MATERIAL PROVIDED:
-------------------------

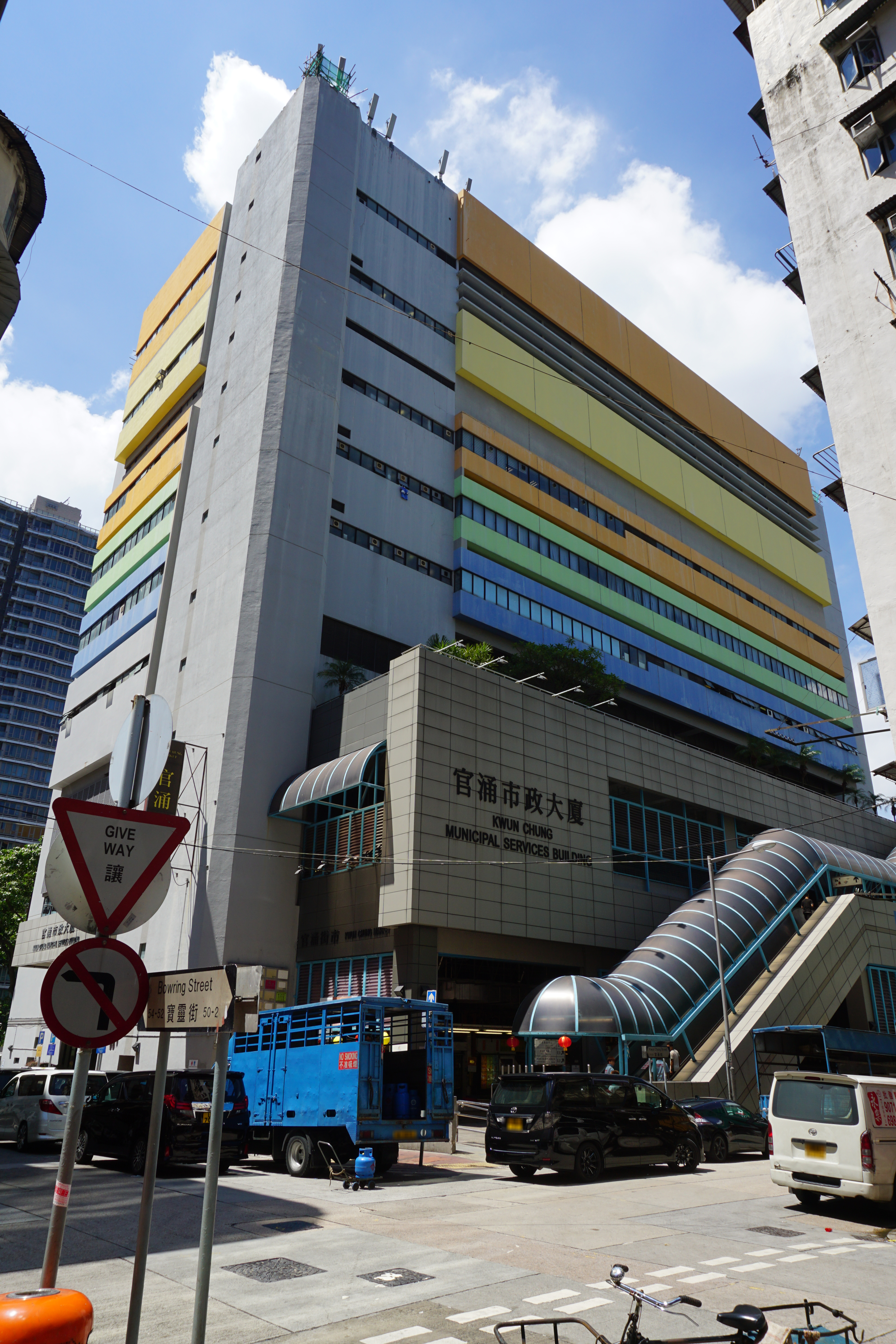 Kwun Chung Municipal Services Building in Jordan, Hong Kong.
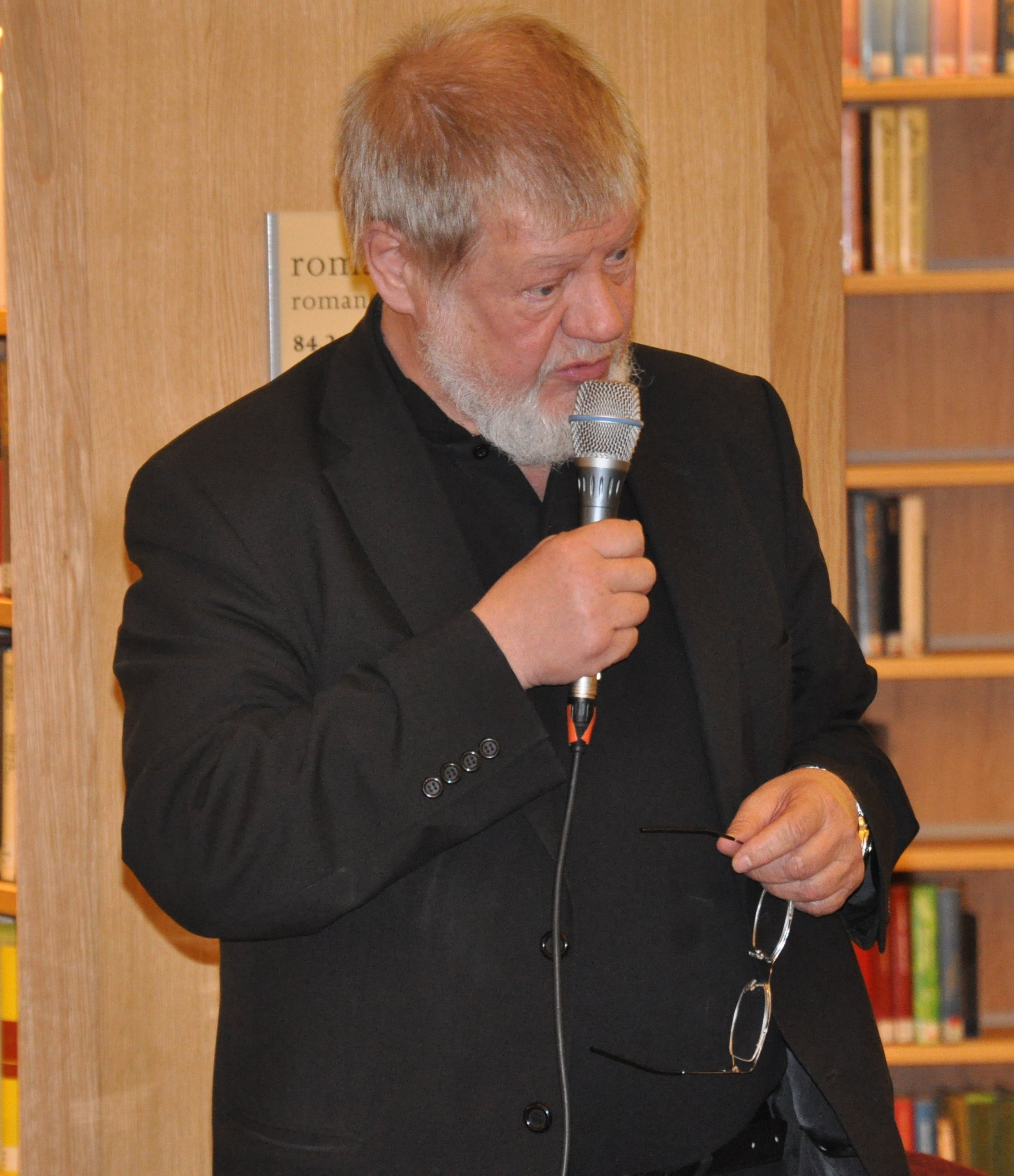 Finnish writer Torsti Lehtinen speaking at Turku Main Library.
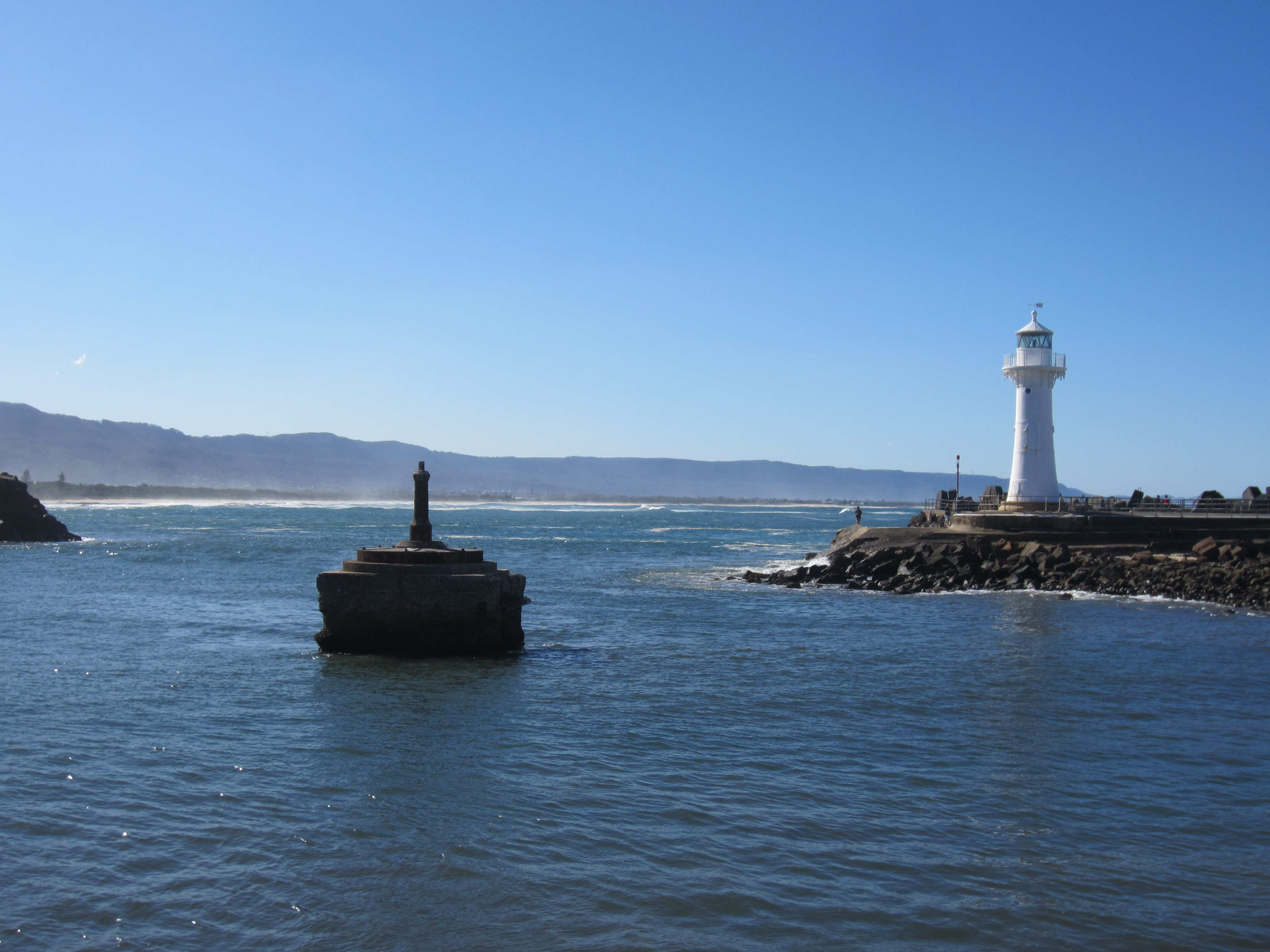 Base of Tee-Wharf Crane in foreground. Northern Illawarra Escarpment in backgound

-------------------------

YOUR GOAL:
A faithful copy of all the data above, without its pictures, is the expected result.

RESULT OF THIS TASK:
 Kwun Chung Municipal Services Building in Jordan, Hong Kong.
 Finnish writer Torsti Lehtinen speaking at Turku Main Library.
 Base of Tee-Wharf Crane in foreground. Northern Illawarra Escarpment in backgound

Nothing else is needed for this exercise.